Ahora, el barrio estaba desierto y la cuadra repleta de
móviles policiales. Nadie se atrevía a salir de los hogares. Todos miraban lo
que sucedía, a través de las ventanas, para no perderse ningún detalle. Hacía
pocos minutos que las sirenas y las frenadas de los patrulleros habían alterado
la tranquilidad de la barriada.
Por la radio policial se escuchaba la voz de un oficial que
no paraba de dar instrucciones y avisaba que en pocos minutos iban a llegar
refuerzos. Frente a todos, ocupando el centro de la escena, estaba él, parado
contra la pared de una casa, mirando fijamente todos esos uniformes azules.
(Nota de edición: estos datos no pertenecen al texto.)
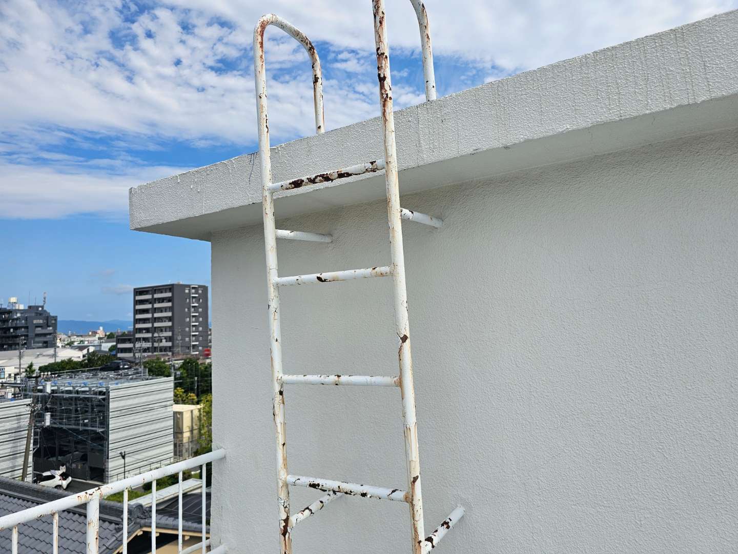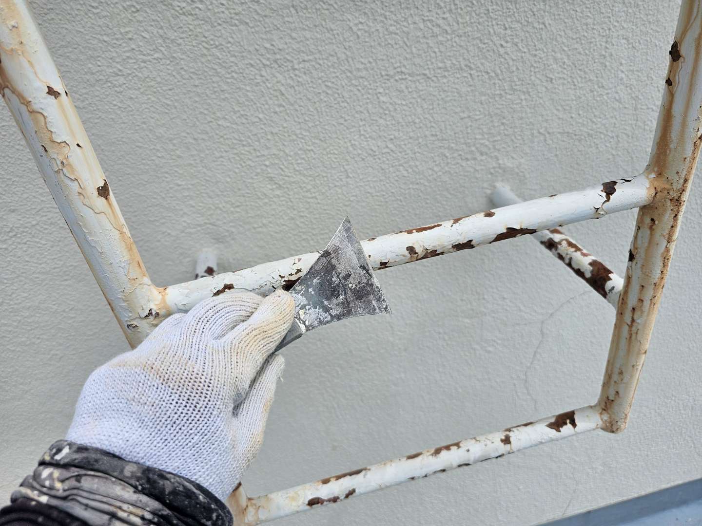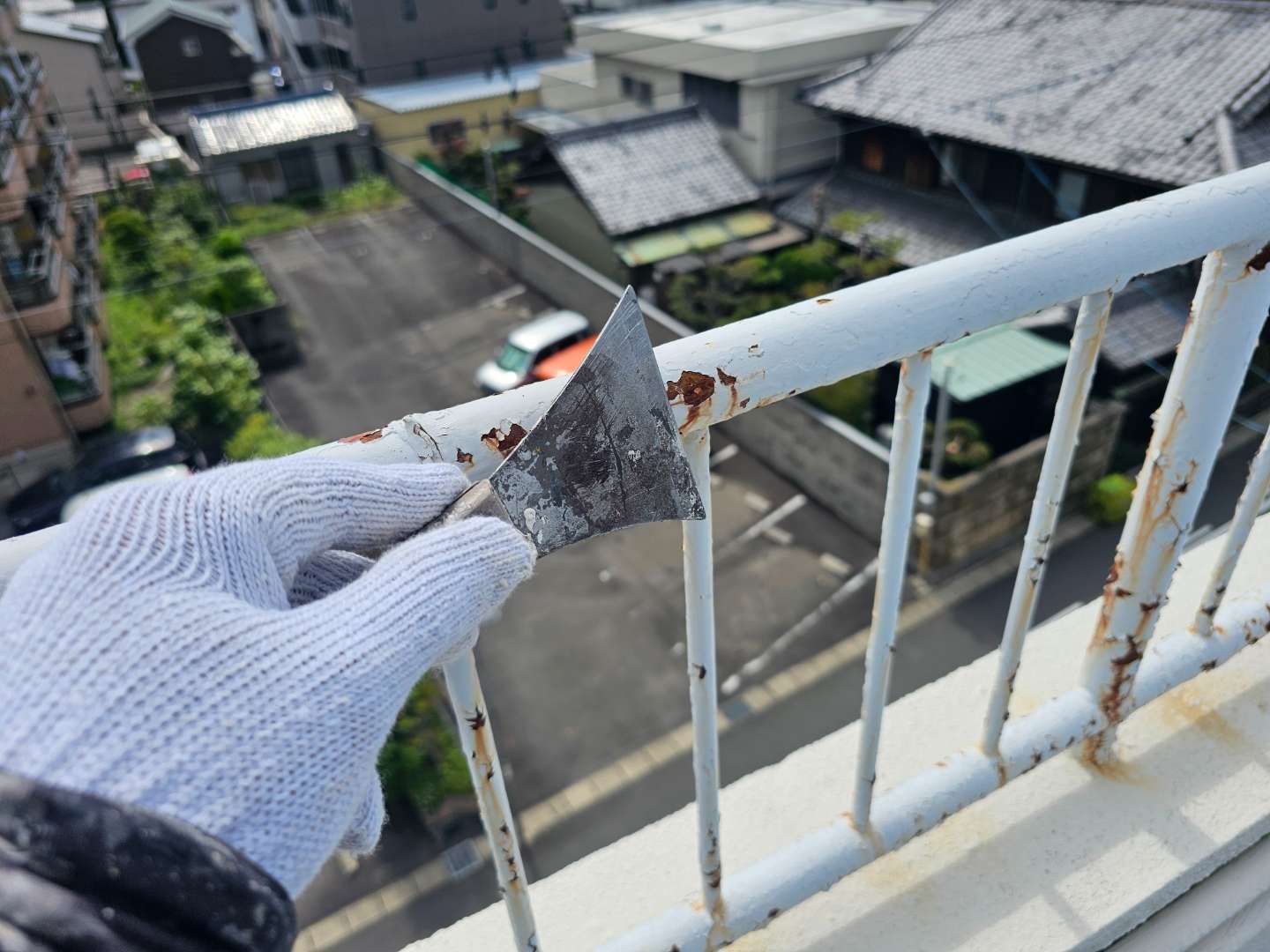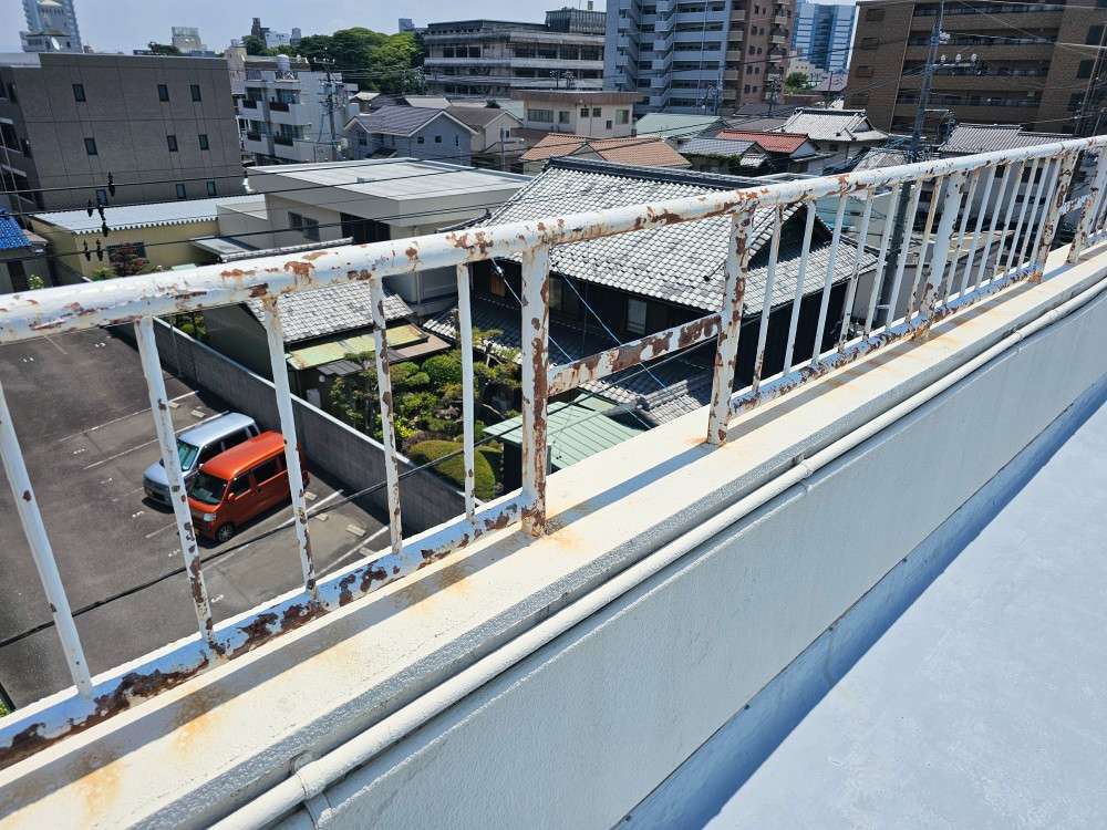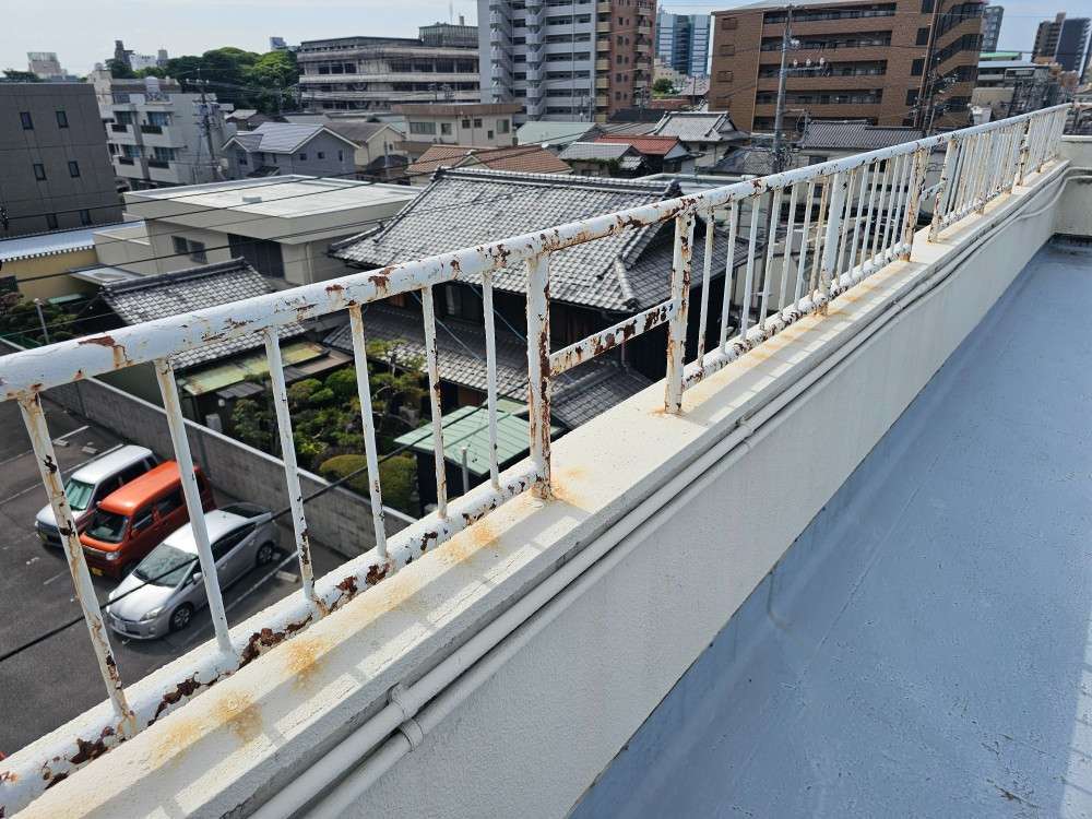 昨日の作業は、鉄部手摺のケレン作業・洗浄作業を行っていました。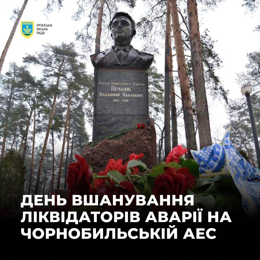 Сьогодні, напередодні Дня вшанування учасників ліквідації наслідків аварії на ЧАЕС, Ірпінська громада вшановує пам’ять нашого земляка — пожежного-ліквідатора Володимира Правика, який першим разом зі своїм караулом прибув на Чорнобильську АЕС у трагічну ніч аварії 26 квітня 1986 року.
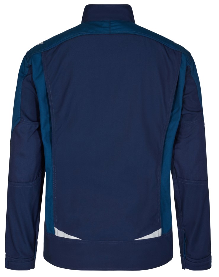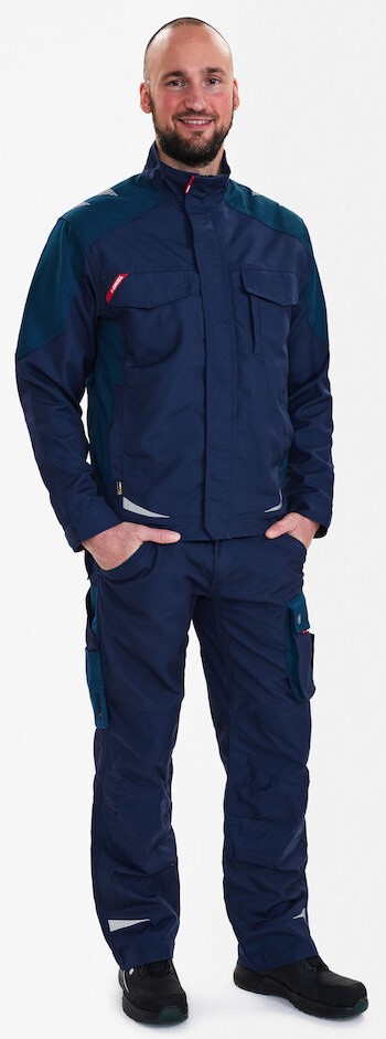 Functional work jacket with many details. Extended back section with movement pleat. Concealed zipper at the front. Reinforced elbows. Two spacious slit pockets. Two breast pockets with flaps - the right one with a loop and D-ring for attaching an ID card, the left one with an additional zipped pocket for a cell phone. Two large inside pockets with Velcro fastener. Adjustable cuffs. Reflective stripes on the shoulders, front and back for increased visibility. Suitable for industrial laundering.

Tenía la ropa pegoteada al cuerpo por la transpiración. Los
nervios se le habían hecho carne y pronunciaba palabras que nadie alcanzaba a
entender. Estaba asustado, desesperado, le temblaban las piernas. Sus ojos
recorrían uno por uno a los uniformes que le apuntaban y le pedían que se
entregase. Tenía las manos sudorosas y, aunque sabía lo que quería hacer,
todavía algo dentro de él le impedía dar ese último paso que ya estaba
anunciado. La mano que sujetaba la pistola parecía ser la única que gobernaba
la situación, mientras respiraba agitado y las gotas de sudor le surcaban la
frente, obligándolo a secarse los ojos con el otro brazo. Su corazón parecía a
punto de explotar.
Tan absorto se encontraba que ya no escuchaba las órdenes
que le daban los policías, mientras amartillaban sus armas. Estaban por todos
lados y cada vez había más, como hormigas salidas de un agujero en la tierra.
Hacía tiempo que estaban tras sus pasos y ahora habían logrado dar con él.
Algunos se guarecían detrás de las puertas de los patrulleros, otros detrás de
una pirca y varios se ocultaban tras un viejo paraíso.
Vencido, el hombre tomó las fuerzas que le quedaban y, consciente
de que asistía al espectáculo de su propio sacrificio, se llevó la pistola a la
sien. Miró para todos lados y comprobó una vez más que no tenía salida. Se
acordó de sus padres, del dolor que les había causado, recordó a su mujer que
estaba por dejarlo, pensó en sus hermanos... y en la insoportable idea de
volver a estar guardado en una celda. "Esta vez perdí", pensó. "Pero
no me van a llevar con ustedes, antes me mato", dijo, y
nadie lo oyó.
Sintió que su vida ya no tenía sentido y, sin darle tiempo a
nada a los hombres que lo tenían rodeado, gatillo. El balazo retumbó seco y se
fundió en el costado de su sien. El fogonazo iluminó la pared y el cuerpo se
desplomó en el pasto húmedo.
Cuando los policías se acercaron para moverlo con sus borceguíes
y comprobar si vivía, ya no respiraba. La muerte había llegado para quedarse.
Era el final.
Aquella helada noche del 30 de junio de 1991, Luis Gabriel Sajen tenía 23 años cuando
eligió matarse de un balazo en la cabeza antes que volver a caer preso. Murió
en el patio de una casa en el barrio Altamira,
de la ciudad de Córdoba. La Policía
lo había ido a detener por un asalto que supuestamente había cometido tres días
antes en una farmacia de barrio 1 de Mayo.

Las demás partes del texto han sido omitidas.